No deal reached at US-China trade meeting
2 February 2019
The two days of top-level talks between representatives of the Chinese government and the Trump administration on trade held in Washington this week have led to a commitment to hold further discussions but no concrete agreement.
The new round of discussions will see a US team led by Treasury Secretary Steven Mnuchin and US Trade Representative Robert Lighthizer travel to China in mid-February to engage with Chinese negotiators led by Vice Premier Liu He. The talks will take place just two weeks before the present deadline for an agreement expires on March 1, after which, if no deal is reached, the US has said it will lift tariffs on $200 billion worth of Chinese goods from 10 percent to 25 percent.
During this week’s discussions there was some conjecture, in part fuelled by tweets from US President Trump, that the deadline could be extended.
But a statement issued by the White House at the conclusion of the discussions said Trump had reiterated that the 90-day process agreed to in Buenos Aires was a “hard deadline” and the US will increase tariffs unless an outcome is reached.
The main focus of the talks was not on increasing US exports to China but reducing the trade imbalance between the two countries. China has already agreed to undertake measures such as buying five million tons of soybeans from the US.
The key issues concerned US demands for what it calls “structural reform” of the Chinese economy, centring on the protection of intellectual property rights, the cessation of forced technology transfers and the winding back of state subsidies for major industries that Washington claims are “market distorting.”
These demands form a major sticking point because their essential content is that China subordinate its economic and technological future to the dictates and demands of the US.
There were smiles all round after this week’s discussions, with both sides saying that progress had been made and Liu He floating the possibility of a meeting between Trump and China’s president, Xi Jinping.

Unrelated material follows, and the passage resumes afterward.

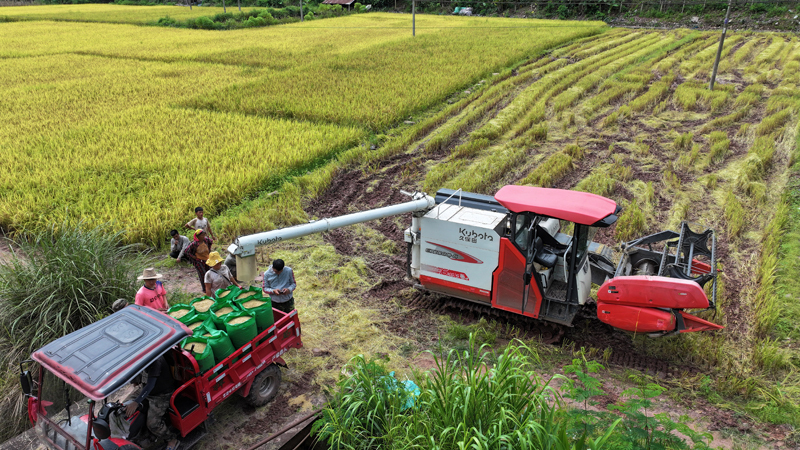 8月31日,在福建省南平市浦城縣仙陽鎮(zhèn),村民駕駛收割機在田間作業(yè)(無人機照片)。

But the underlying tensions were not far from the surface, amid recognition that little change had taken place on the central questions.
The executive vice president of the US Chamber of Commerce, Myron Brilliant, who was briefed on the discussions, said the two sides were far from a deal. Beijing, he said, had not even agreed to list all the subsidies at the central government and local level to domestic firms.
On other key issues, he said: “China hasn’t offered up anything tangible to address ongoing concerns around forced transfer of technology.”
The Chinese negotiators insist they cannot offer anything on that score because “forced” transfers do not take place and that agreements with US firms to make available their technologies form part of commercial deals to gain greater access to the Chinese market.
Following the discussions, Lighthizer, who, together with White House economic adviser Peter Navarro, is the main anti-China hawk in the administration, offered a relatively upbeat assessment.
“We focused on these core ideas, these core concepts and it’s my judgement that we made headway in significant ways,” he said but provided no details.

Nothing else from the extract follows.